Step 3: Derivatives with respect to parameters
Compute: $\frac{d\mathcal{L}}{dw_1}$, $\frac{d\mathcal{L}}{dw_2}$, $\frac{d\mathcal{L}}{db}$
\[\frac{d\mathcal{L}}{dw_1} = x_1 \cdot dz\] \[\frac{d\mathcal{L}}{dw_2} = x_2 \cdot dz\] \[\frac{d\mathcal{L}}{db} = dz\]Code variables: dw1, dw2, db
Summary of Derivatives for One Example
| Variable | Derivative Formula | Code Variable |
|---|---|---|
| $a$ | $-\frac{y}{a} + \frac{1-y}{1-a}$ | da |
| $z$ | $a - y$ | dz |
| $w_1$ | $x_1 \cdot (a - y)$ | dw1 |
| $w_2$ | $x_2 \cdot (a - y)$ | dw2 |
| $b$ | $a - y$ | db |
Gradient Descent Update (One Example)
Step 1: Compute derivatives
# Forward pass (already done)
z = w1*x1 + w2*x2 + b
a = sigmoid(z)
loss = -(y*log(a) + (1-y)*log(1-a))
# Backward pass
dz = a - y
dw1 = x1 * dz
dw2 = x2 * dz
db = dz
Step 2: Update parameters
w1 = w1 - alpha * dw1
w2 = w2 - alpha * dw2
b = b - alpha * db
Where $\alpha$ is the learning rate.
Generalizing to $n$ Features
For $n$ features $(x_1, x_2, \ldots, x_n)$:
\[z = \sum_{i=1}^{n} w_i x_i + b = w^T x + b\]Derivatives:
\[\frac{d\mathcal{L}}{dw_i} = x_i \cdot dz = x_i \cdot (a - y)\]In vectorized form:
\[\frac{d\mathcal{L}}{dw} = x \cdot dz\]The Big Picture
Forward propagation (compute loss):
x → z → a → L
Backward propagation (compute gradients):
x ← dz ← da ← dL
Update parameters:
w = w - α · dw
b = b - α · db
What About Multiple Training Examples?
So far, we’ve shown gradient descent for one training example. But in practice, we have $m$ training examples.

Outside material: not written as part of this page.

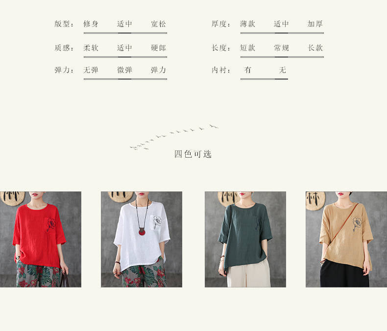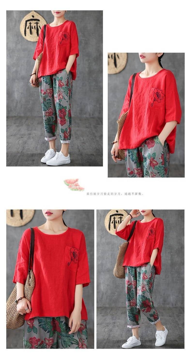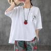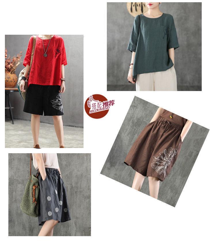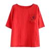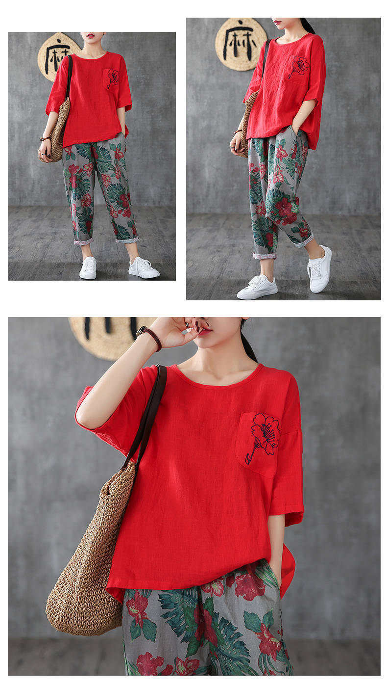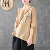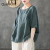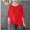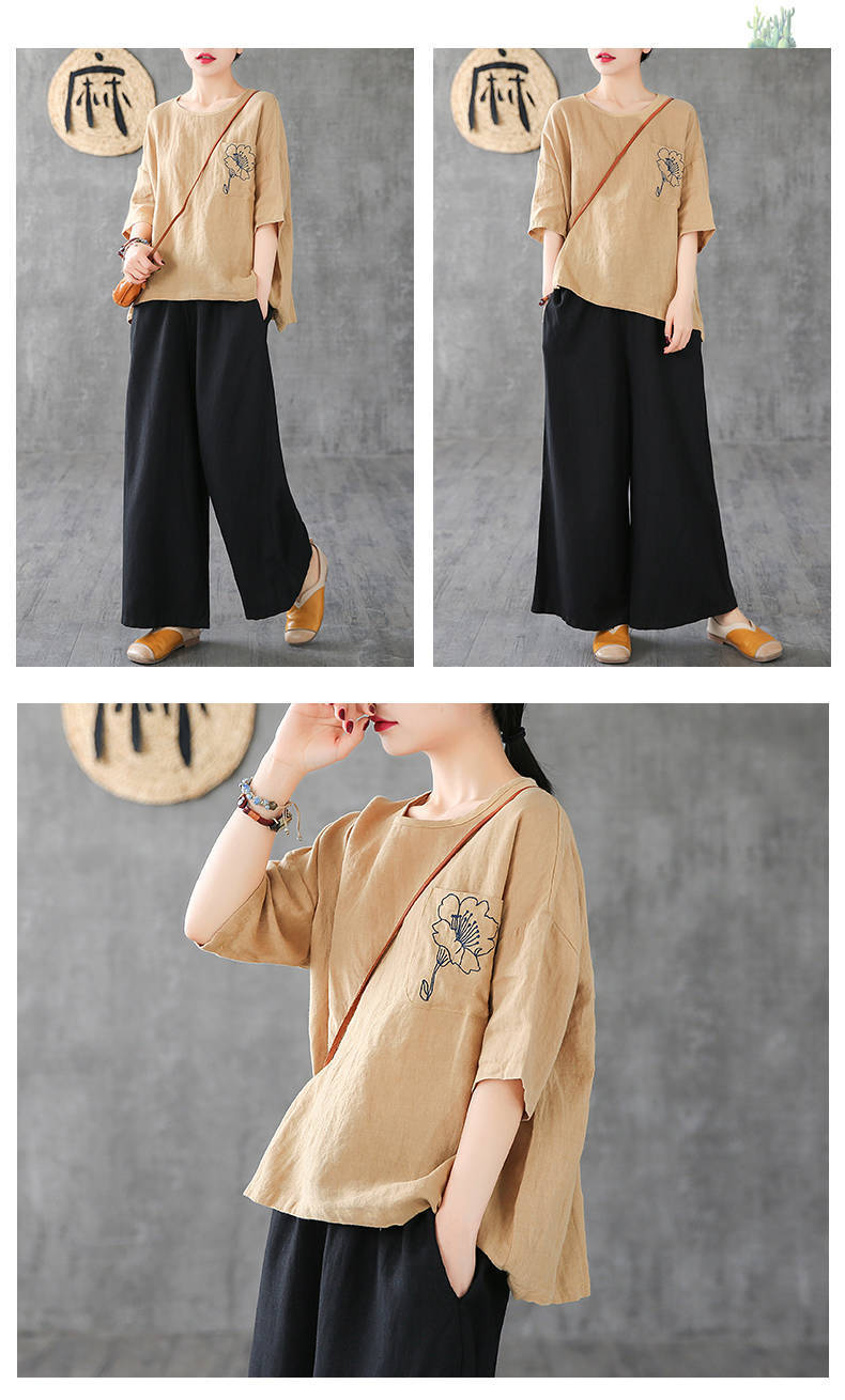 Camiseta de Algodón y Lino Bordada con Flores para Mujer Blusa Holgada de Manga Corta Verano 2025 Nuevo Top Casual de Media Manga

Next step: Learn how to apply these concepts to an entire training set efficiently.
Key Takeaways
- Forward propagation: Compute predictions and loss
- Backward propagation: Compute derivatives using the chain rule
- Key formula: $dz = a - y$ (prediction error)
- Update rule: Subtract learning rate times gradient
- Computation graph: Visual tool for understanding derivatives
Don’t worry about calculus: We provide all the derivative formulas you need. Focus on understanding the flow and implementing the updates correctly.